Officer Davitt took up surveillance across the street in a church parking lot. He observed the defendant walking back toward his vehicle, coming across the edge of the yard at 74th and Vinton. Officer Davitt saw the defendant walk past his car, about 5 feet off the left front fender. The police officer approached the defendant, and when they were approximately 50 feet apart he told the defendant to "hold it a minute." The defendant stopped, and when Officer Davitt was only 3 or 4 feet away he announced that he was a police officer. The defendant then ran north into a yard on the northwest corner of 74th and Vinton, where he was apprehended. Officer Davitt testified that the defendant was tackled by Officers Frock and Foxall; he and Officer Hoch then arrived, and it took all four of the officers to get the defendant to stop struggling and fighting. Davitt stated that in order to secure the situation for the officers' safety, as well as the defendant's, the defendant was handcuffed. Officer Davitt observed Officer Hoch remove a handgun from the waist area of the defendant.

Officer Foxall testified that a screwdriver, a glove, and a set of car keys were recovered from the grassy area where the struggle with the defendant occurred.

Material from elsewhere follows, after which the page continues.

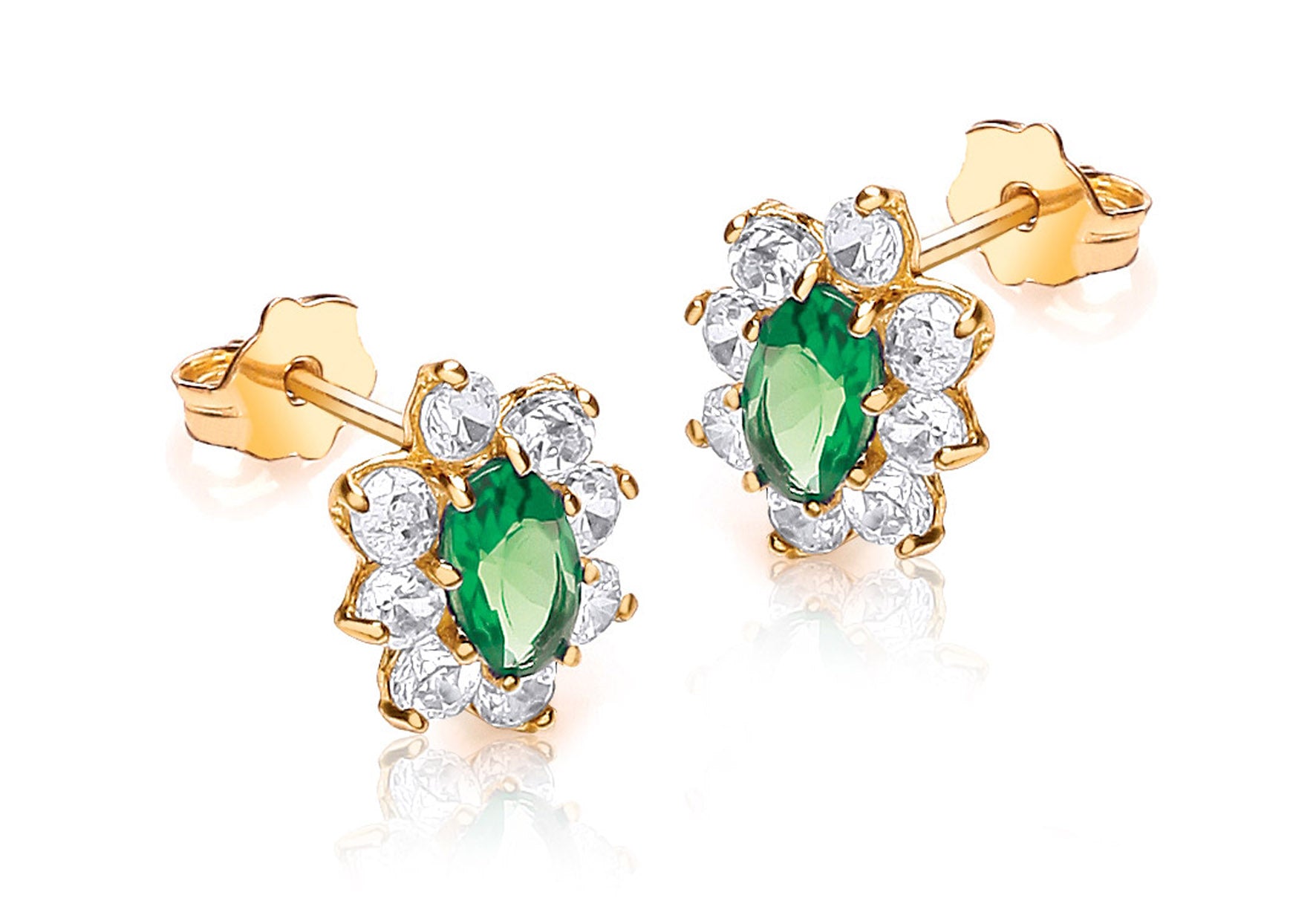 9ct Yellow Gold White and Oval Green Zirconia Flower Cluster Stud Earrings

A Mazda key on the keyring was later found to fit the car registered to the defendant.

The defendant was transported to Central Police Station and placed under arrest. *636 He was searched, and items found on his person included several penlights, a pink purse containing various items of jewelry, a specific amount of cash and coin, a sock, and a jar of Vaseline, in addition to personal jewelry which the defendant was wearing at the time.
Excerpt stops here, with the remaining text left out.